While you can deploy Soda SQL in a local on-premises environment, you may wish to deploy the command-line tool in your organization's cloud environment. The following procedure and accompanying code offers an example of how to deploy Soda SQL in AWS.
- You are familiar with Soda SQL or have read Soda SQL basics.
- You are familiar with using GitHub, or another git server.
- You have access to your organization’s AWS Console and are familiar with AWS CloudFormation.
- You have the permissions needed to make changes to your AWS environment.
- You have access to the login credentials for the data warehouse that contains the data you wish to scan.
- You have a Soda Cloud account (optional).
There are two repositories involved in deploying and using Soda SQL in your AWS cloud environment.
- Soda SQL Cloud Runner example repository which contains ready-to-use files that help you deploy Soda SQL and run it in your cloud environment.

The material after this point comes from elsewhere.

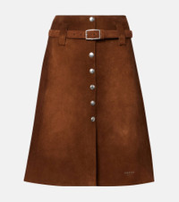 Belted suede midi skirt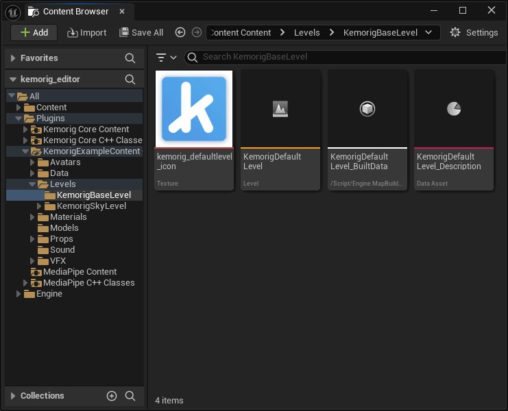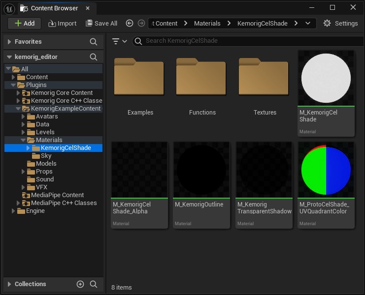 Example content is located in the Content Browser in Plugins/KemorigExampleContent Content/.

You can use the materials in the repo to deploy using the AWS Console and CloudFormation UI. This repo also contains an example of a Soda SQL project directory that you can reference for your own project.
- Soda SQL project repository, or a project subdirectory in a repo, that contains your Soda SQL configuration files. To run scans of your data, Soda SQL requires both a warehouse YAML file, in which you configure connection details for your warehouse, and scan YAML files in which you configure the tests that Soda SQL uses to run SQL queries against data in your tables. Refer to the Soda SQL install and configuration documentation for details.
Be aware that your Soda SQL project repo or subdirectory must contain a requirements.txt file as the CloudFormation template references its contents when it runs a task. Refer to the example requirements.txt file in the soda-sql-example subdirectory.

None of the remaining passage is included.